August was a regrettable month for healthcare data breaches. Over 8.8 million health plan member and patient files were stolen or exposed, totaling exactly 8,804,608 files. According to the latest segment of the Protenus Breach Barometer, the total number of healthcare files exposed or stolen this summer now exceeds 20 million.
In August, 44 breach reports were submitted to the Department of Health and Human Services’ Office for Civil Rights (OCR), pertaining to 42 separate cases. This makes August the worst month so far this year for healthcare data breaches and the second worst in terms of the number of healthcare files exposed. Only June had more files breached (11,061,649). The total number of breaches reported so far in 2016 is currently 233.

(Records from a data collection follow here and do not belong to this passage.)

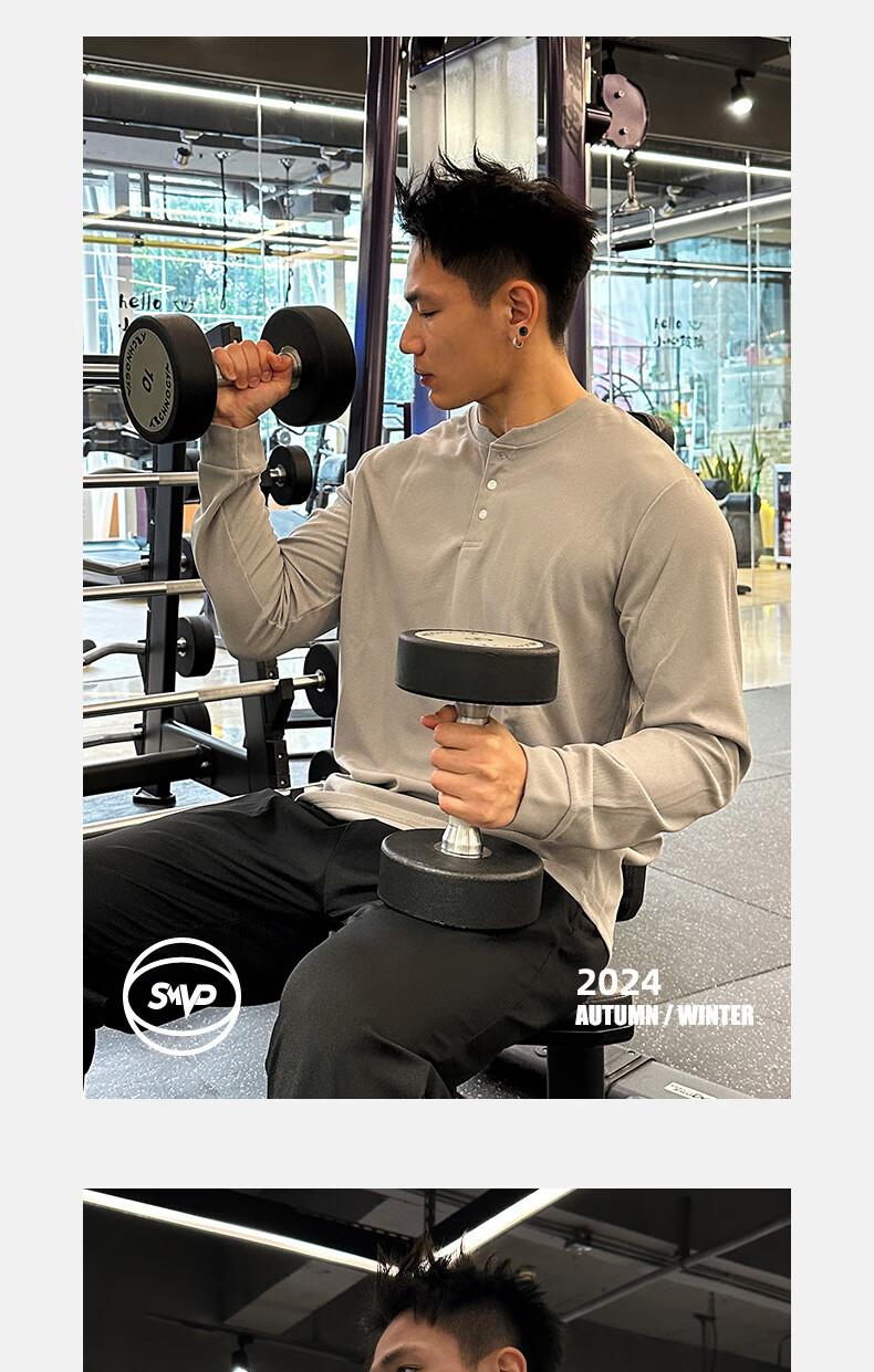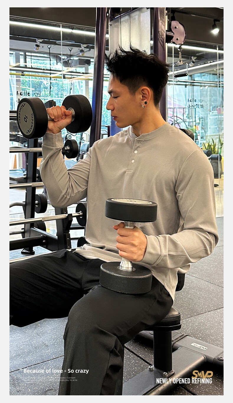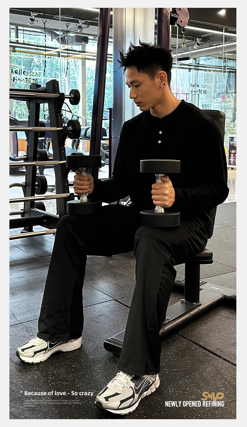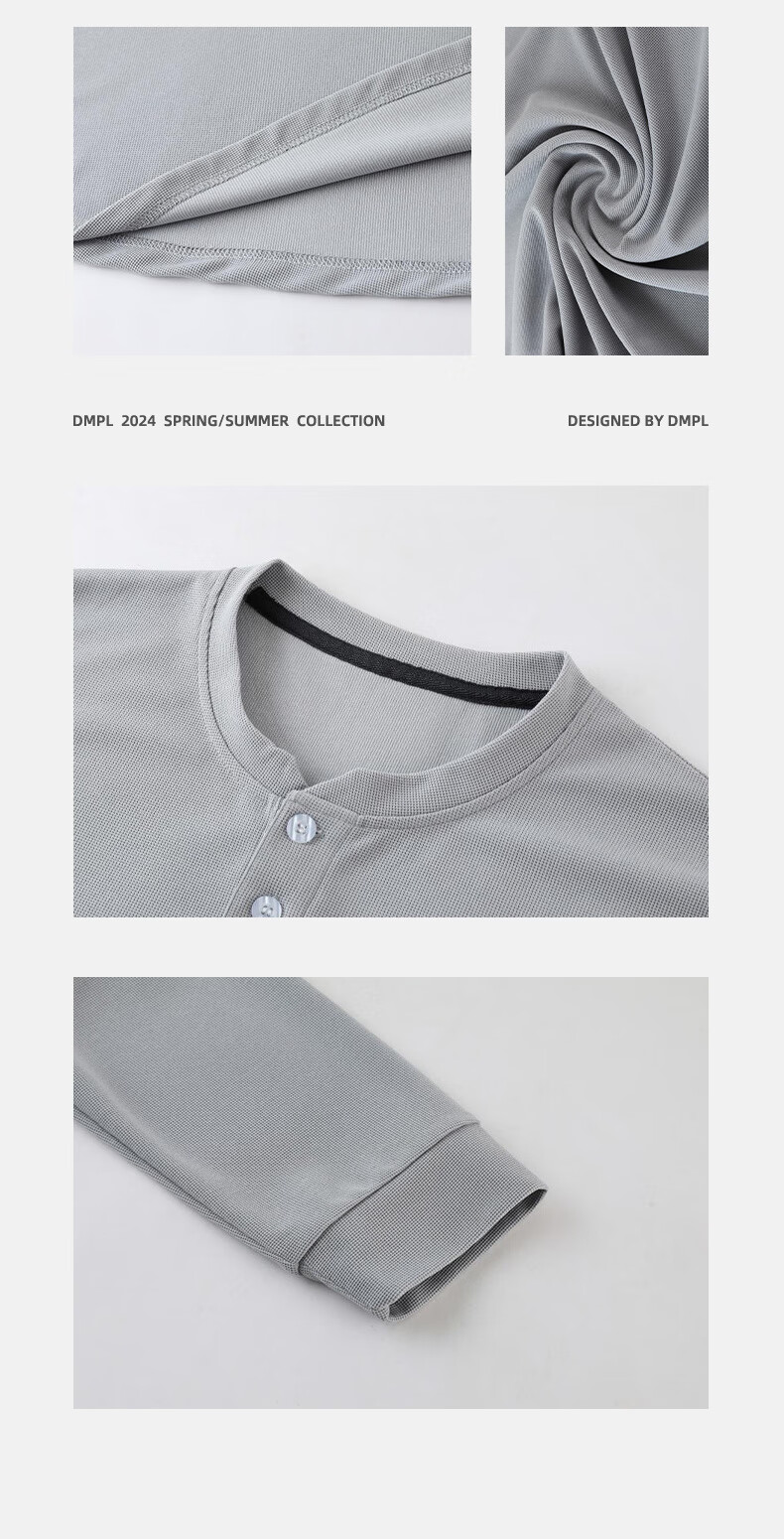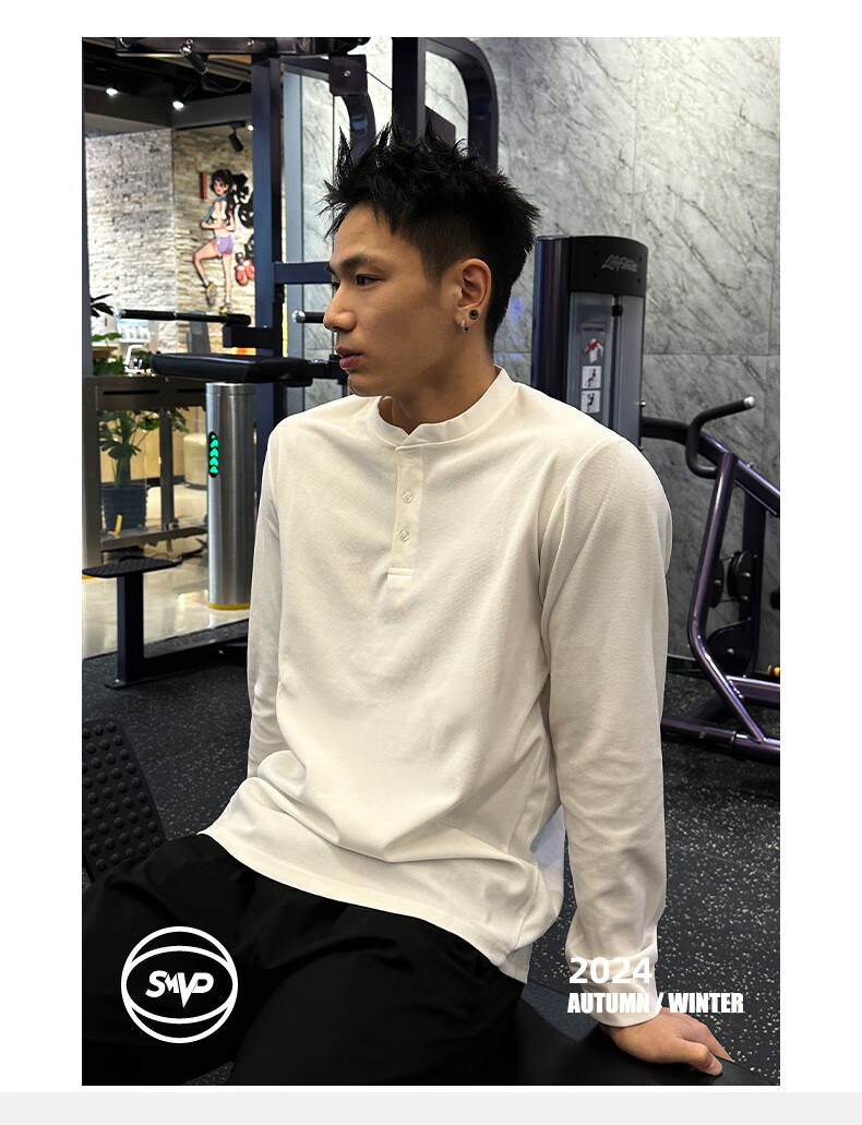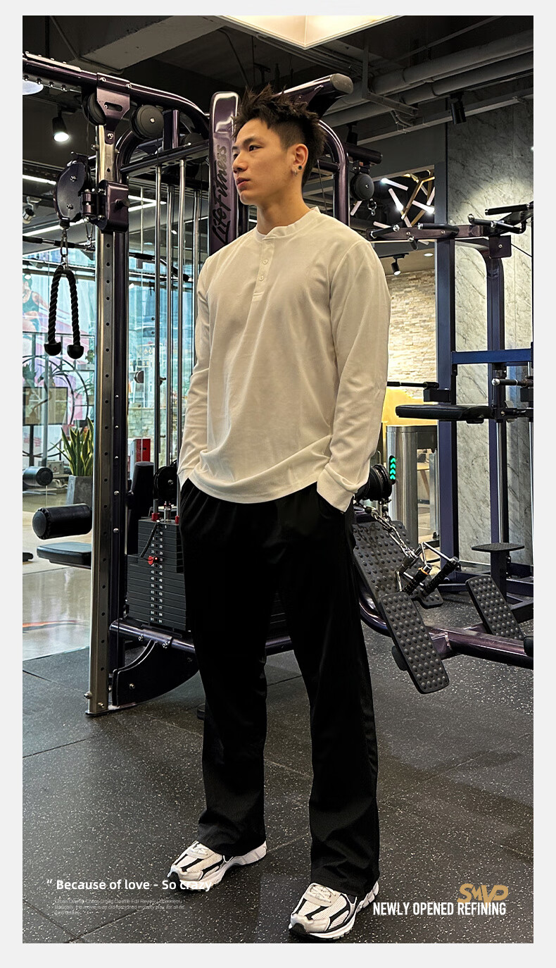 Continued pattern autumn American retro henley collar sweatshirt men's tough guy Ami khaki running fitness quick-drying shirt long sleeve waffle henley shirt long sleeve 9155-black L
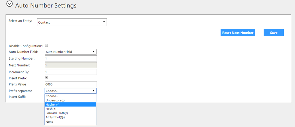 - Prefix Value – Since I am using Contact entity, say for example I prefer my auto number value to be prefixed with C000. You can just put this value in the prefix.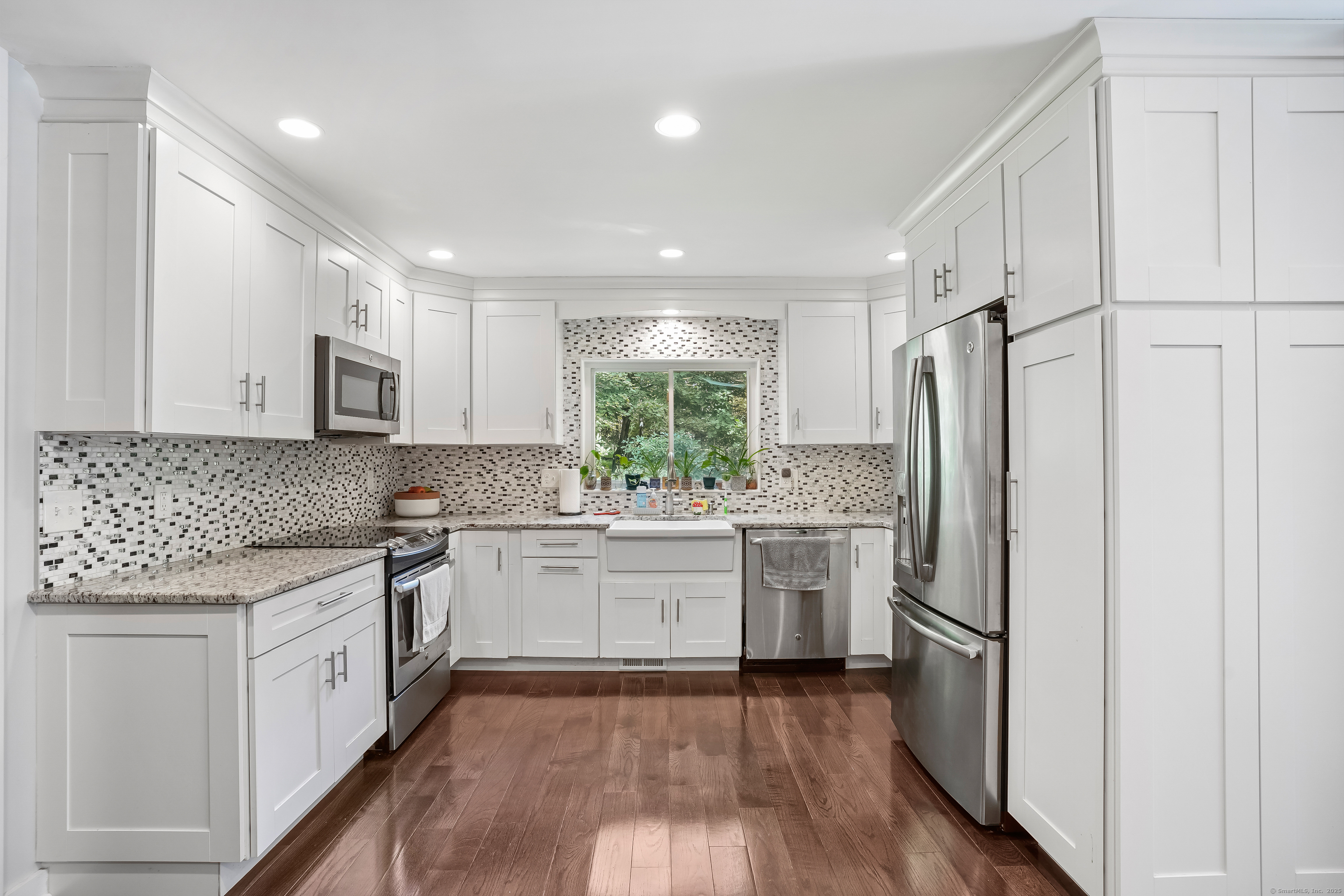 Tucked away on a peaceful cut-de-sac and boarderd by the serene woodlands of Putnam State Park, this fully renovated contemporary offers a blend of modern luxury and natural beauty. Set on a private 2+ acres, this four bedroom three full bath home is an exceptional retreat just minutes from the heart of Redding. Enter inside to soaring ceilings, clean lines and sun drenched interiors thanks to the expansive windows that frame the surrounding woods. The open concept kitchen with stainless steel appliances, new cabinetry and granite countertops is ideal for entertaining or enjoying your morning coffee. The spacious living room and family room both have fireplaces to cozy up to on cold winter nights. The upper level has four generously sized bedrooms and the primary suite has an en-suite bathroom. This is a rare opportunity to own turnkey contemporary in one of Reddings most scenic locations.

The Breach Barometer indicates that one of the biggest threats to healthcare data security is employees. Employees were responsible for initiating 42.86% of the data breaches reported in August. Hacking – including ransomware attacks – was the second leading cause of breaches, accounting for 28.57% of cases. Theft and loss of devices containing PHI accounted for 11.9% of breaches. The cause of 16.67% of breaches is unknown.
In August, healthcare providers were the hardest hit, involved in 37 cases. Nearly one in five breaches involved a Business Associate (BA). Events involving BAs accounted for 47% of all breached files.
It is challenging to accurately determine how quickly covered entities are discovering data breaches since not all disclose the date of the breach, the date of discovery, and when patients are notified. Of the 13 data breaches included in the report that disclosed this information, 38% took more than 60 days to discover the breach, although some were able to discover a breach in 20 days.
According to the Health Insurance Portability and Accountability Act (HIPAA), covered entities have up to 60 days after the detection of a data breach to inform OCR and send breach notification letters to patients. In several cases, this delivery of breach notification letters is delayed.
Fortunately, several covered entities seem to be better prepared for breaches and were able to deliver notices well within the period permitted by the HIPAA Breach Notification Rule.
Covered entities in 20 states reported breaches in August, with California being the worst hit, reporting six cases.